Understanding what is inside each capsule is useful both for patients with specific allergies and for people who follow dietary or religious restrictions. The formulation of Tecovirimat SIGA is deliberately simple: the active molecule is not very soluble in water and therefore requires careful pharmaceutical engineering to ensure reproducible absorption, especially when taken with food.

Active Ingredient

Each capsule contains 200 mg of tecovirimat (equivalent to 210 mg of tecovirimat monohydrate). Tecovirimat is a small-molecule compound of the adamantyl class and has the chemical name 4-(trifluoromethyl)-N-((3aR,4R,4aR,5aS,6S,6aS)-3-oxo-2-octahydro-2,5,6-trimethano-cyclopropa[a]pentalen-3a(3H)-yl)benzamide.
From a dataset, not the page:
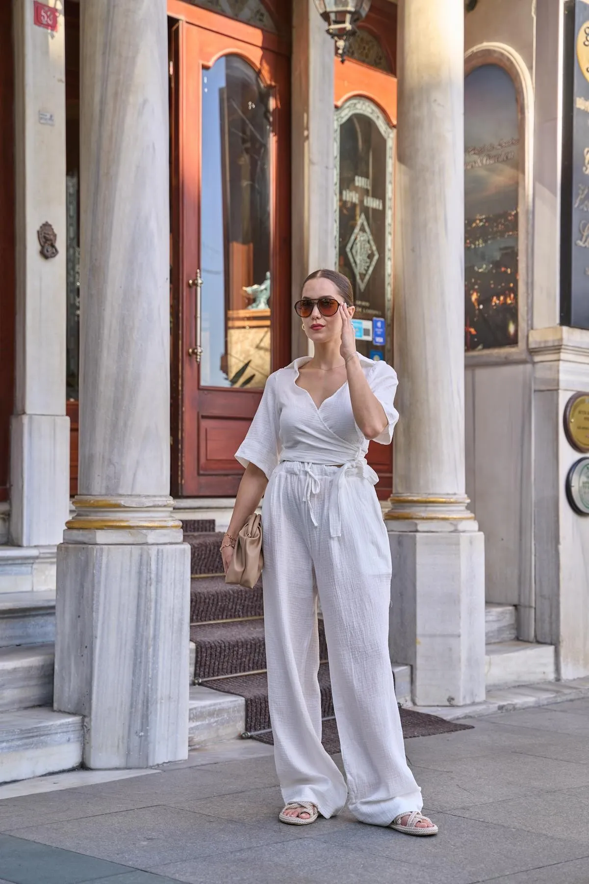 بنطلون بالازو عالي الخصر بقصة واسعة وجيوب جانبية عملية مصنوع من مزيج قطني ناعم يوفر راحة وأناقة متجددة

Its full IUPAC name and molecular structure are detailed in the Summary of Product Characteristics.

Excipients (Inactive Ingredients)

The capsule contents contain the following inactive ingredients:

• Microcrystalline cellulose — a filler and binder derived from plant cellulose
• Lactose monohydrate — a diluent; patients with rare hereditary problems of galactose intolerance, total lactase deficiency, or glucose-galactose malabsorption should not take this medicine
• Croscarmellose sodium — a disintegrant that helps the capsule break apart quickly after swallowing
• Hypromellose (HPMC) — a binder that improves tablet structure and dissolution
• Magnesium stearate — a lubricant that prevents sticking during manufacture
• Colloidal anhydrous silica — a glidant that improves powder flow

Capsule Shell

The capsule shell contains:

• Gelatin — derived from bovine or porcine sources; patients following vegetarian or vegan diets, or those with religious dietary laws restricting certain animal products, should discuss alternatives with their doctor
• Titanium dioxide (E171) — a white opacifier
• Printing ink — containing shellac, black iron oxide (E172), propylene glycol, and potassium hydroxide

Allergen and Dietary Considerations

• Lactose: each capsule contains a small amount of lactose; not suitable for patients with severe lactose intolerance or hereditary galactose disorders
• Gluten-free: the formulation does not contain gluten
• Gelatin source: confirm the source with the prescriber or pharmacist if dietary restrictions apply
• Sodium content: negligible amount from croscarmellose sodium; suitable for sodium-restricted diets

Appearance and Packaging

Tecovirimat SIGA capsules are size 0 hard gelatin capsules with an opaque orange cap and opaque off-white body, printed with “SIGA” on the cap and “ST-246” on the body in black ink. Each capsule contains a white to off-white powder. Capsules are packaged in PVC/aluminium blister strips, with each carton typically containing sufficient capsules for the full 14-day course.